Usually I “blog ahead.” I try to write my posts at least a day ahead and just do a little fine tuning before posting them in the morning. Most of my writing happens during nap time, after the kids’ bedtime or in the wee hours of the morning when Doodle decides to wake up unnecessarily early (as he has been doing for the past two weeks).
But yesterday it didn’t happened at nap time, instead I did something I haven’t done in a long time: I took a nap too. For the 45 minutes Doodle actually slept, of course leaving me groggy and miserable the rest of the day. At bedtime? I went to bed too.
I’ve been tired lately. Just plain tired. It makes me grumpy, easily agitated and less than motivated. We got back from a 10-day adventure visiting hubby’s family on Monday morning and I’ve not done much since.
But it wasn’t just the trip that wiped me out, it’s life. I called hubby yesterday morning crying after I yelled at the girls when they wouldn’t follow directions and the frustration just spewed out of me. I’m not just physically exhausted, I’m tired of the way things are.
I’m tired of constantly taking care of other people and their needs while no one looks after mine and I’m tired of not having enough time or energy to look after myself.
I’m tired of doing it all and dong it alone. I have no one to help out and no one I can rely on when I desperately need help.

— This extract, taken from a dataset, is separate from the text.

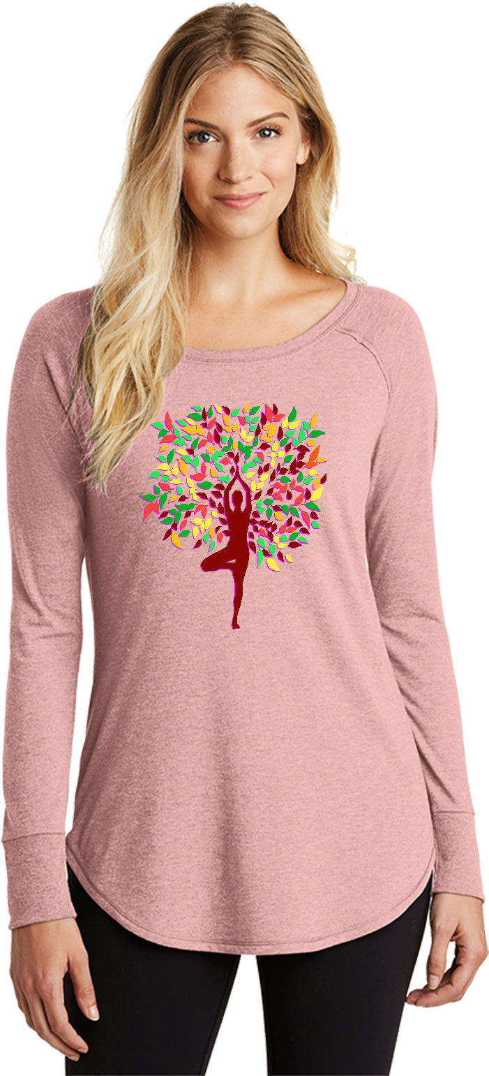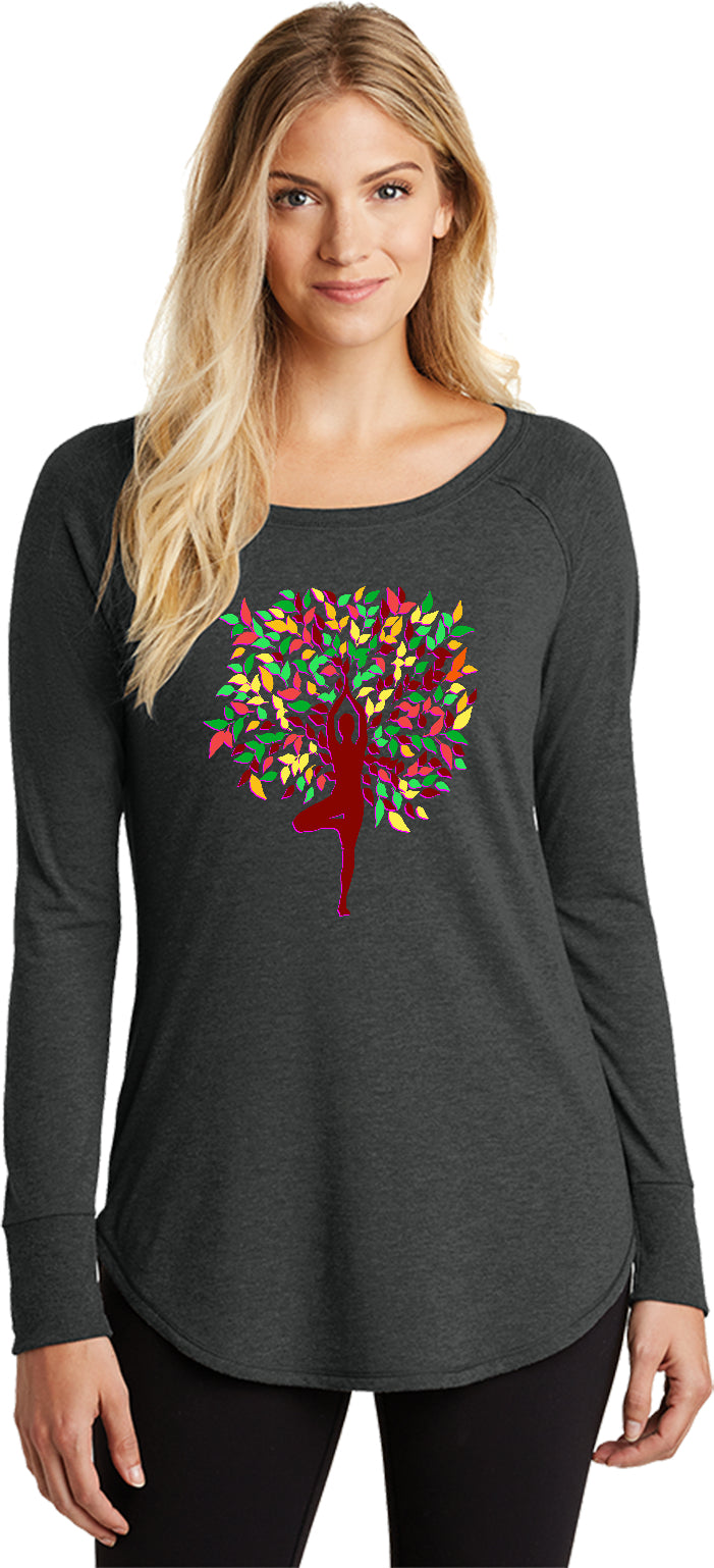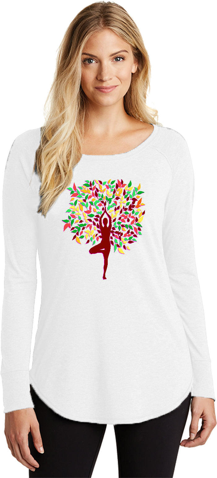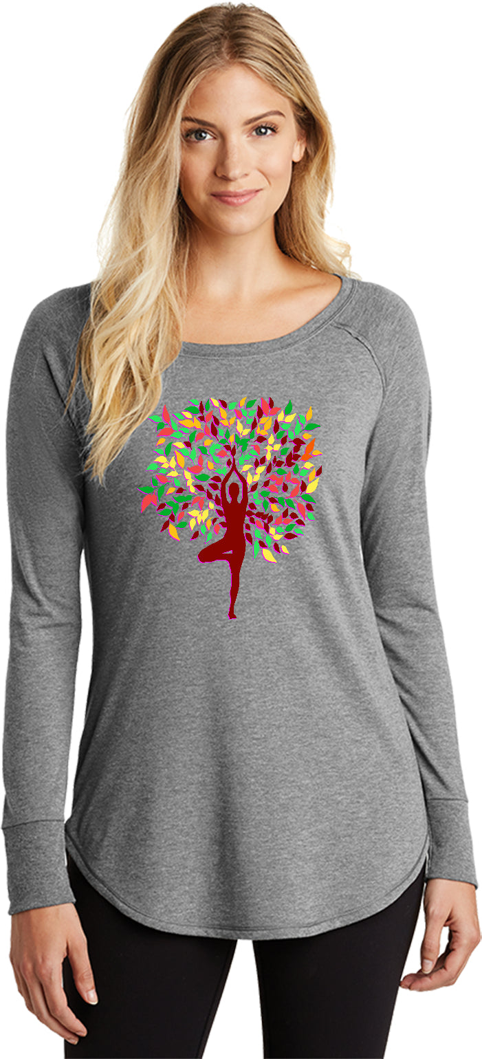 Womens Yoga T-shirt Fall Foliage Tree Pose Long Sleeve Tunic

I’m on my own and just plain lonely most of the time.
I’m tired of the house being criticized for my housekeeping but just don’t care enough to do it while managing three little ones and all their constant needs.

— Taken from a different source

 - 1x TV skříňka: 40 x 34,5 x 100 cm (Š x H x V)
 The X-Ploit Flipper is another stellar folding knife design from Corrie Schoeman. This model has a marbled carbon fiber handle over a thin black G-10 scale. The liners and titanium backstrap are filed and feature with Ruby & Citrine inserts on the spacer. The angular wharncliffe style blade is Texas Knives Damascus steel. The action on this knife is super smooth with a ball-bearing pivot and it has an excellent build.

I’m tired of not being able to complete even the simplest tasks like doing the dishes or going to the bathroom without having to put out fires.
I’m tired of the arguing. Oh, the arguing! The constant questions, pushback and arguing I get from girls about every.single.thing I ask them to do.

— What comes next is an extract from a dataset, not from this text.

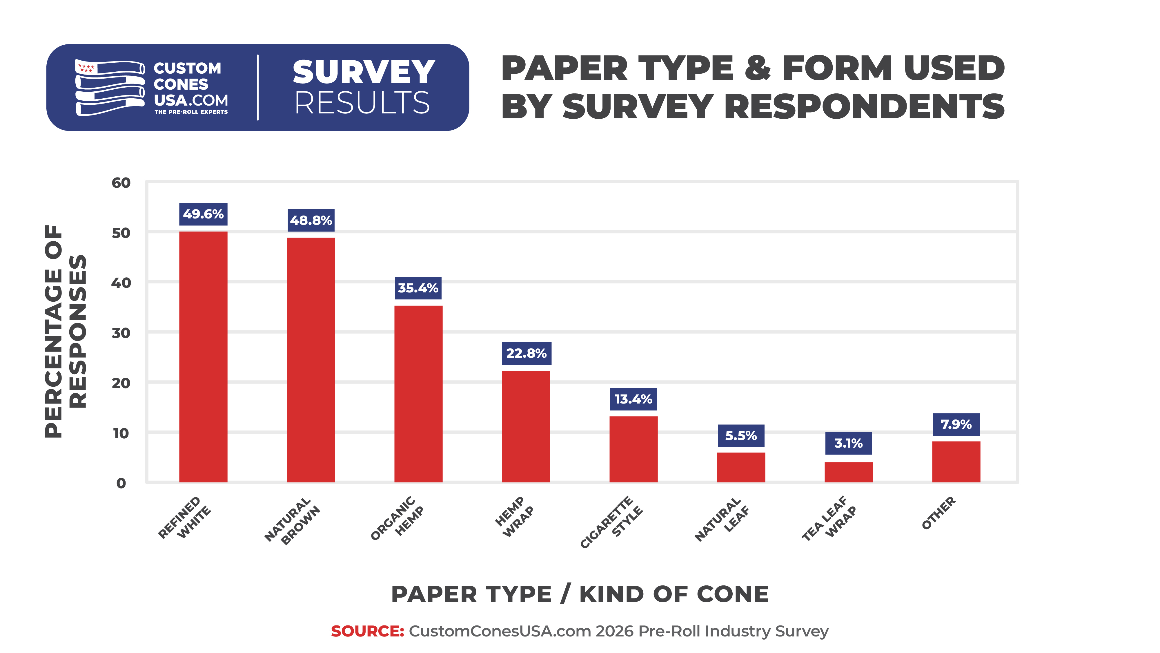 Once again, refined white paper is the most popular paper used in the pre-roll industry, with 49.6% of our respondents offering a refined white option. Natural Brown paper remains very popular, coming in second with 48.8%, followed by organic hemp paper at 35.4%.

I’m tired of dreaming of all the things I WANT to do and being unable to achieve any of it because even the thought of trying with three little helpers is overwhelming.
I’m tired. Just plain tired. I need a vacation from it. But not like I usually get where I’m still wholly responsible for my kids and their needs which is definitely not a vacation at all. I want to be with my kids, I just don’t want to deal with the screaming, arguing, cooking, cleaning and non-sense all the time.